(Stored data)
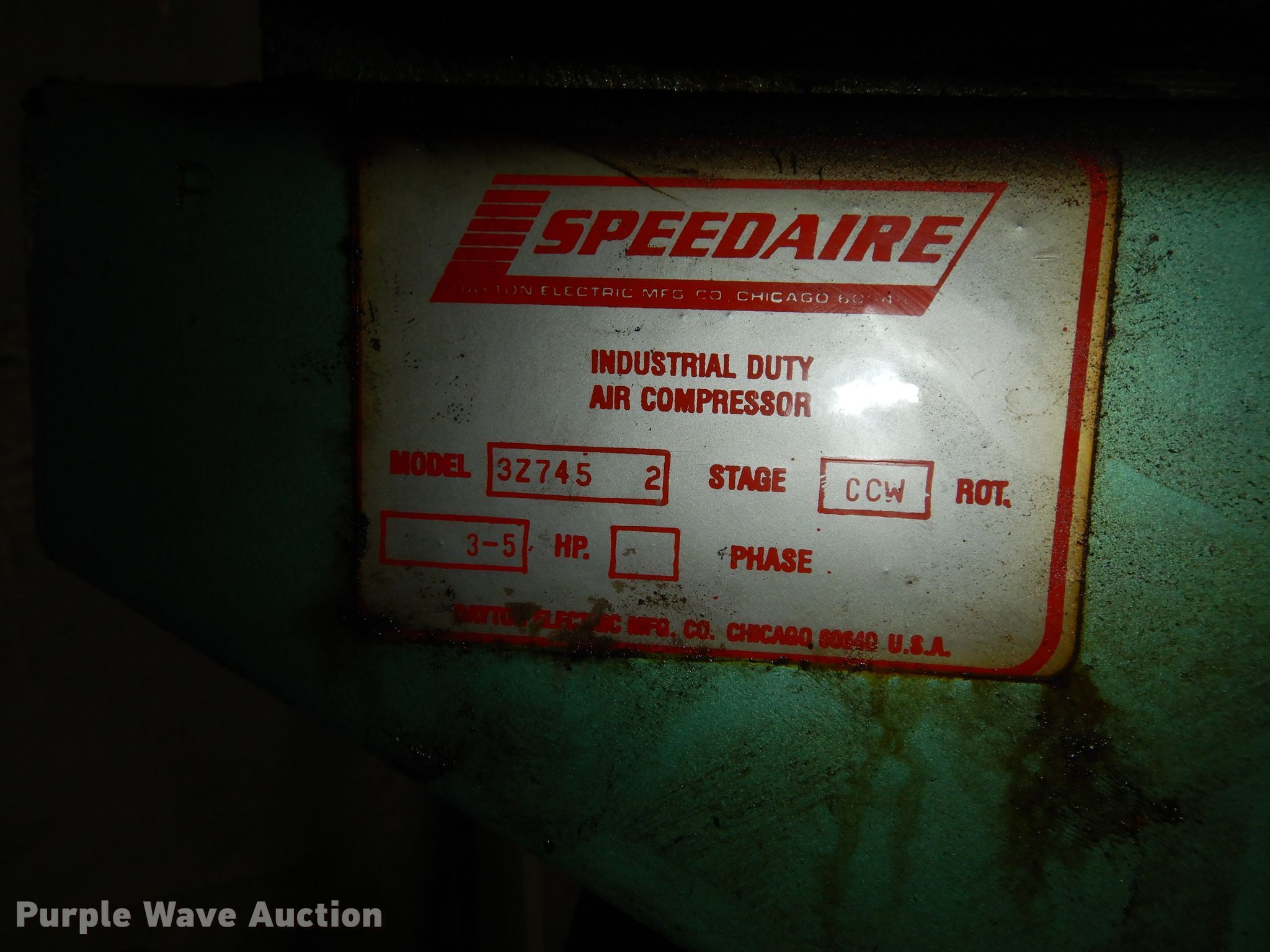1985 Speedaire air compressor has sold in Horton, Kansas for $231. Item HT9091 sold on June 16th, 2020.
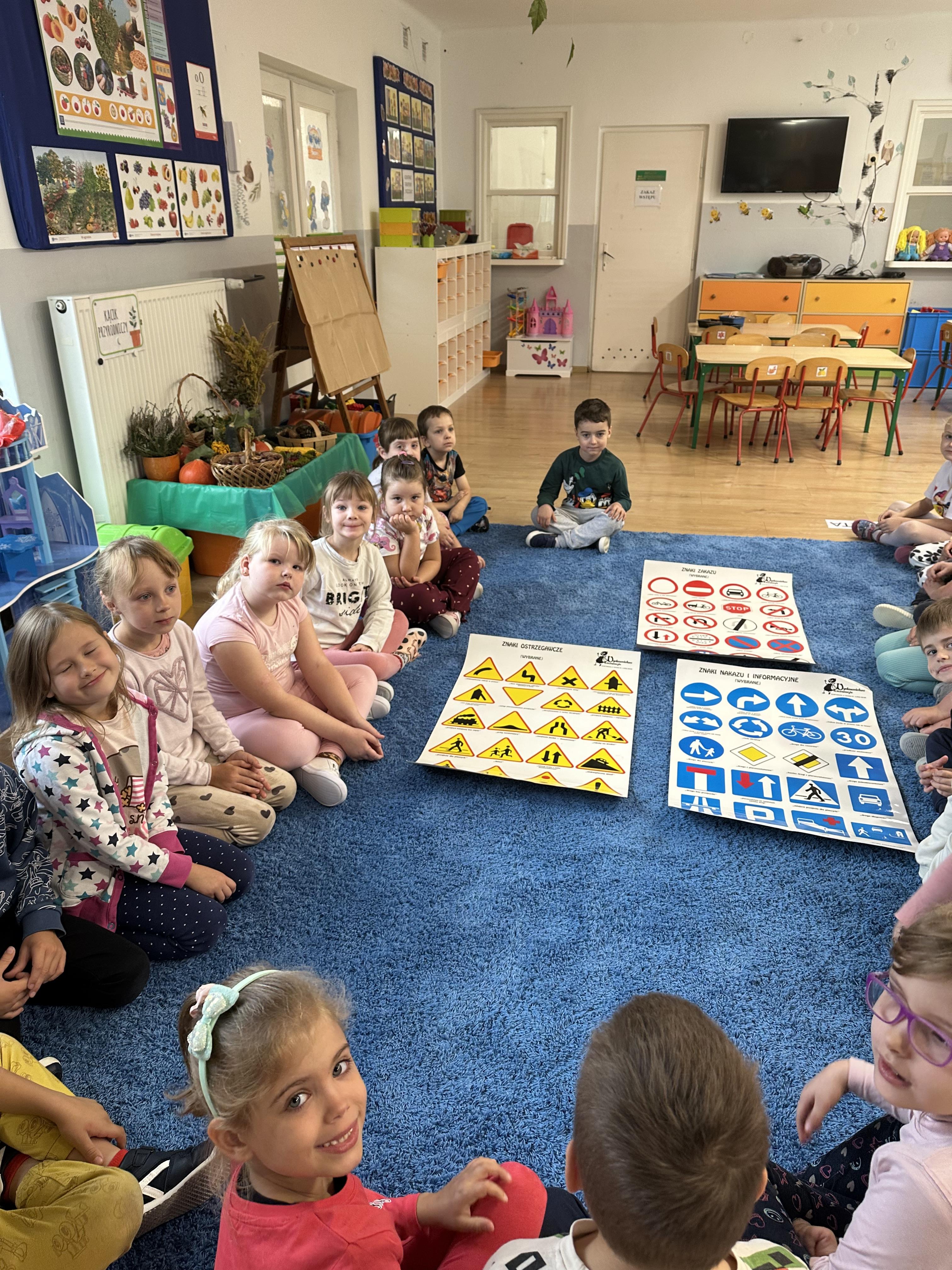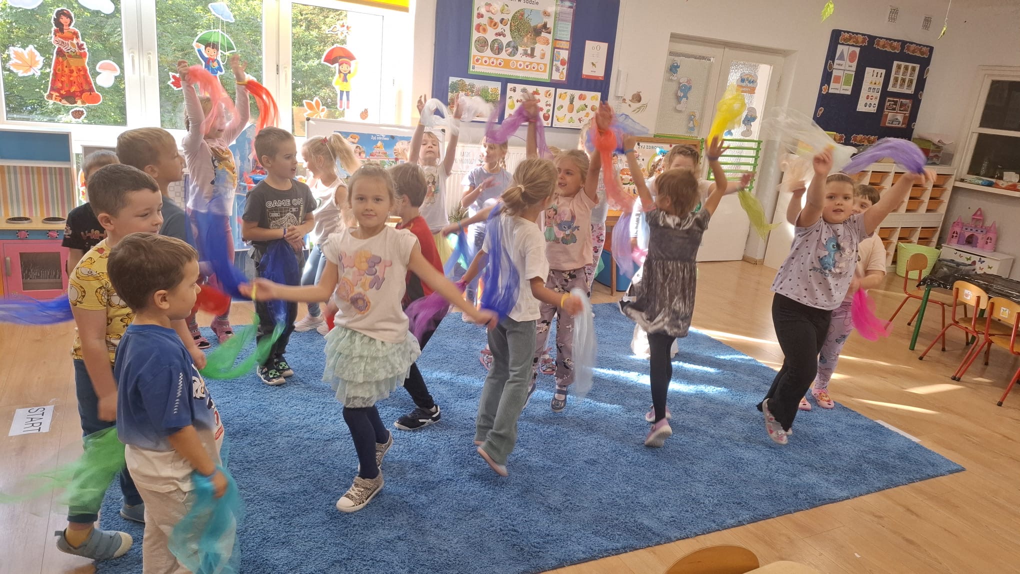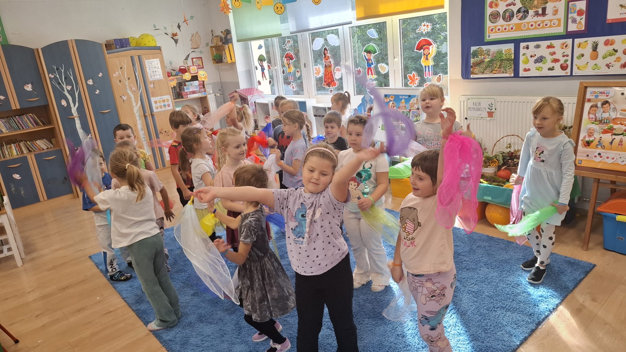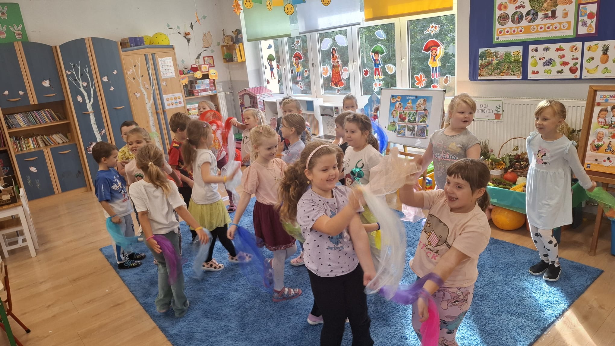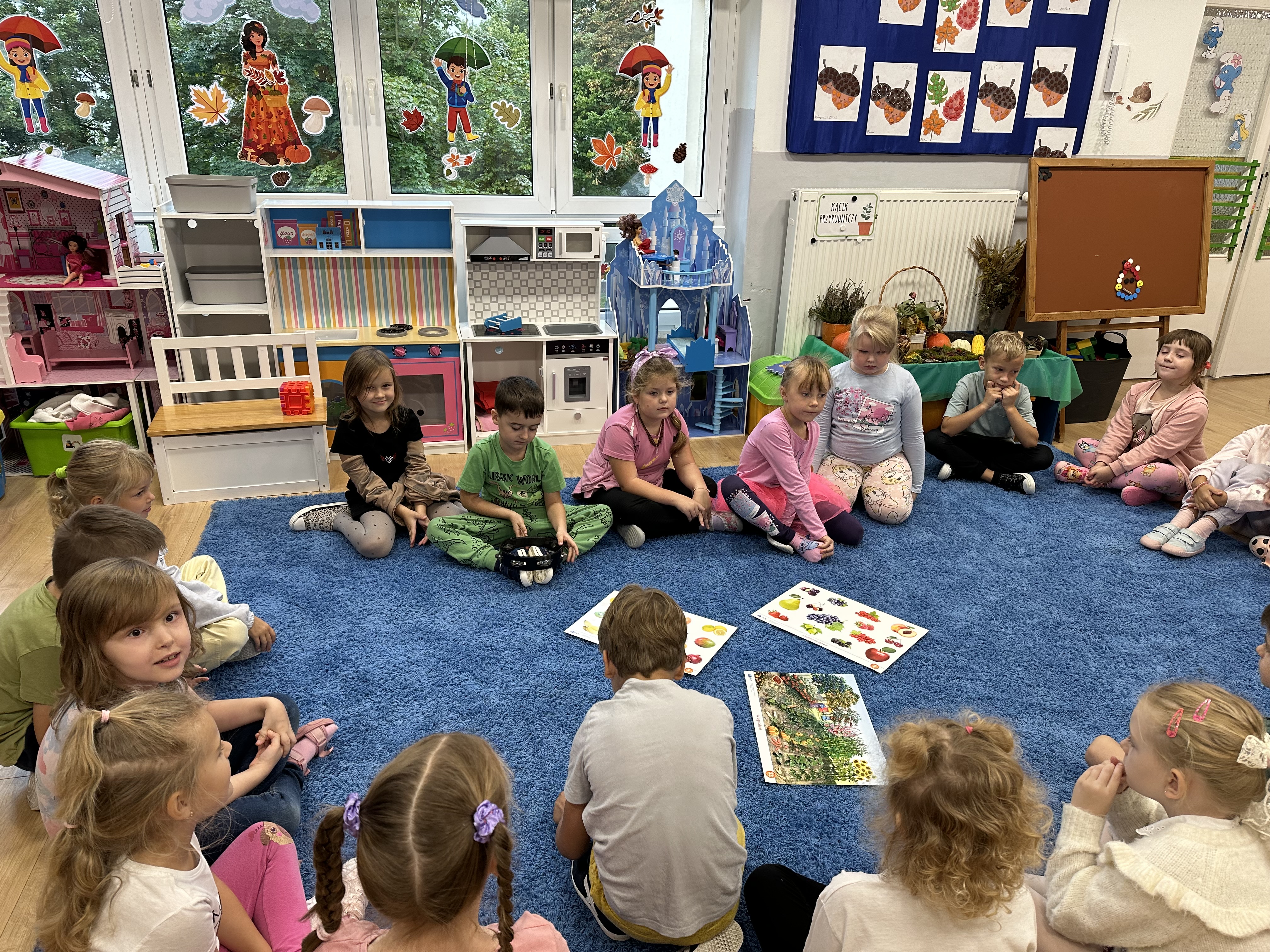 Za nami już czwarty tydzień w przedszkolu. W tym czasie dzieci zwracały szczególną uwagę na zmianę pory roku w złotą jesień, zapoznały się ze znakami drogowymi i ich kształtami oraz poznały nowe słówka w języku angielskim. Codziennie rano przedszkolaki śpiewały piosenkę ,,Jesień w naszej okolicy” i ilustrowały ją ruchem.
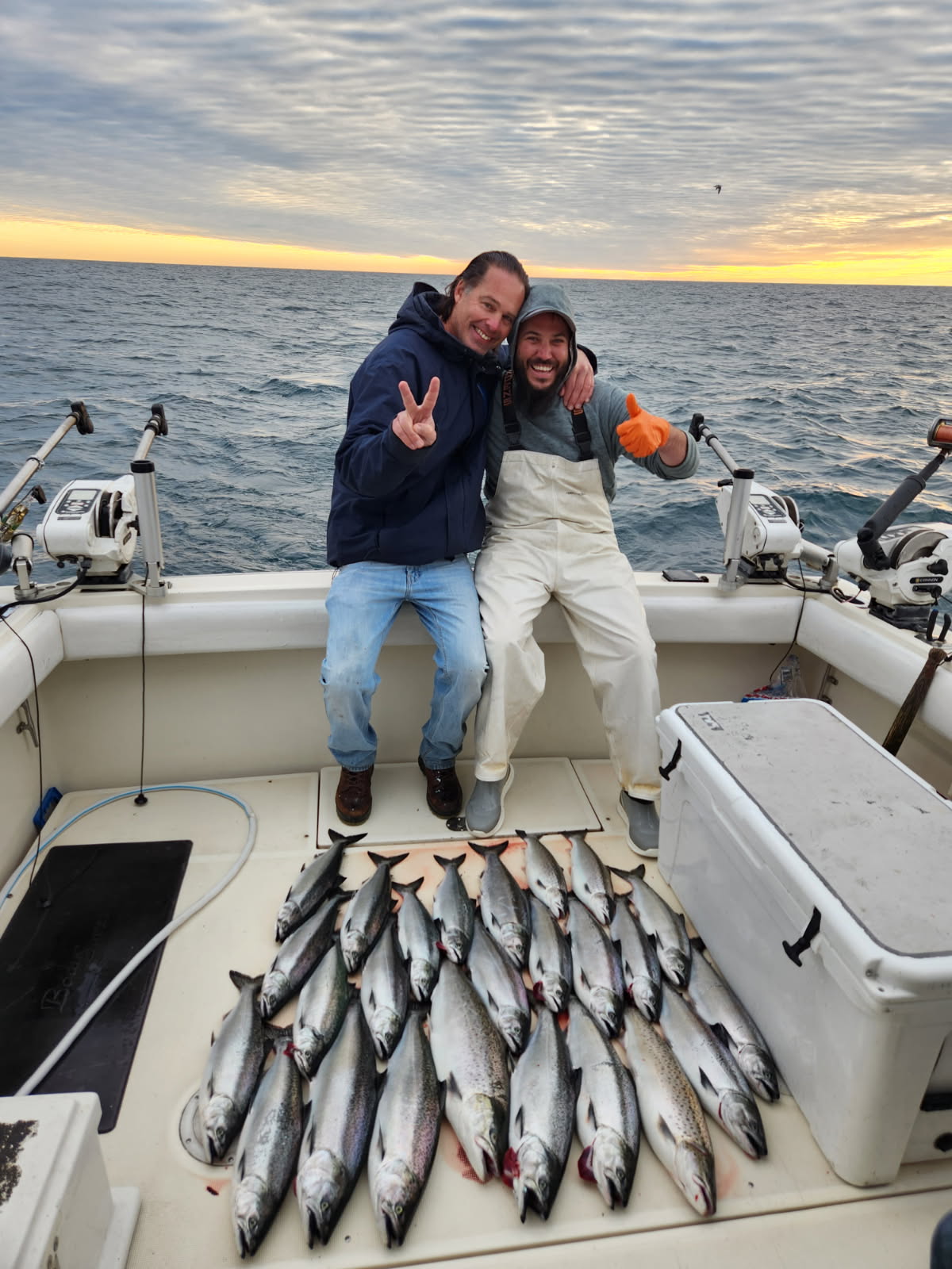 Well our season finished on November 7th when we puller the boat. The last couple weeks of October and the first week of November were nothing short of incredible. The best Chinook salmon fishing of 2025 and this bodes well for 2026. We caught two and three year old Chinook salmon but most were two year old. This year class for the most part eluded us this season and we were concerned about next year. We are not now. This was the best bite we have seen in years and we heard the same from down south. We also had a good bite on Brown trout near the end and we saw a lot of younger Brown trout and this also makes next spring look solid. We could not get out much due to strong winds and big waves on most of the days but when we did it was crazy good. The bite started in 120 to 150 feet of water but ant the end we were in 70 to 80 feet straight out of the North gap of the Milwaukee harbor. We worked a stretch from the Filtration plant to the Main Gap. There was a lot of bait and the bites cam from 30 to 60 feet down. There were a couple of trips that you only need to run three rods. When we pulled the surface temperature was 51 degrees and this was right to the bottom at 60 feet down. As of today the water was still 47 degrees and I bet they are still biting.
(End Stored data)
• **Task**
Please make an exact copy of the whole listing and leave out its pictures.

• **Solution to this problem**
1985 Speedaire air compressor has sold in Horton, Kansas for $231. Item HT9091 sold on June 16th, 2020.
 Za nami już czwarty tydzień w przedszkolu. W tym czasie dzieci zwracały szczególną uwagę na zmianę pory roku w złotą jesień, zapoznały się ze znakami drogowymi i ich kształtami oraz poznały nowe słówka w języku angielskim. Codziennie rano przedszkolaki śpiewały piosenkę ,,Jesień w naszej okolicy” i ilustrowały ją ruchem.
 Well our season finished on November 7th when we puller the boat. The last couple weeks of October and the first week of November were nothing short of incredible. The best Chinook salmon fishing of 2025 and this bodes well for 2026. We caught two and three year old Chinook salmon but most were two year old. This year class for the most part eluded us this season and we were concerned about next year. We are not now. This was the best bite we have seen in years and we heard the same from down south. We also had a good bite on Brown trout near the end and we saw a lot of younger Brown trout and this also makes next spring look solid. We could not get out much due to strong winds and big waves on most of the days but when we did it was crazy good. The bite started in 120 to 150 feet of water but ant the end we were in 70 to 80 feet straight out of the North gap of the Milwaukee harbor. We worked a stretch from the Filtration plant to the Main Gap. There was a lot of bait and the bites cam from 30 to 60 feet down. There were a couple of trips that you only need to run three rods. When we pulled the surface temperature was 51 degrees and this was right to the bottom at 60 feet down. As of today the water was still 47 degrees and I bet they are still biting.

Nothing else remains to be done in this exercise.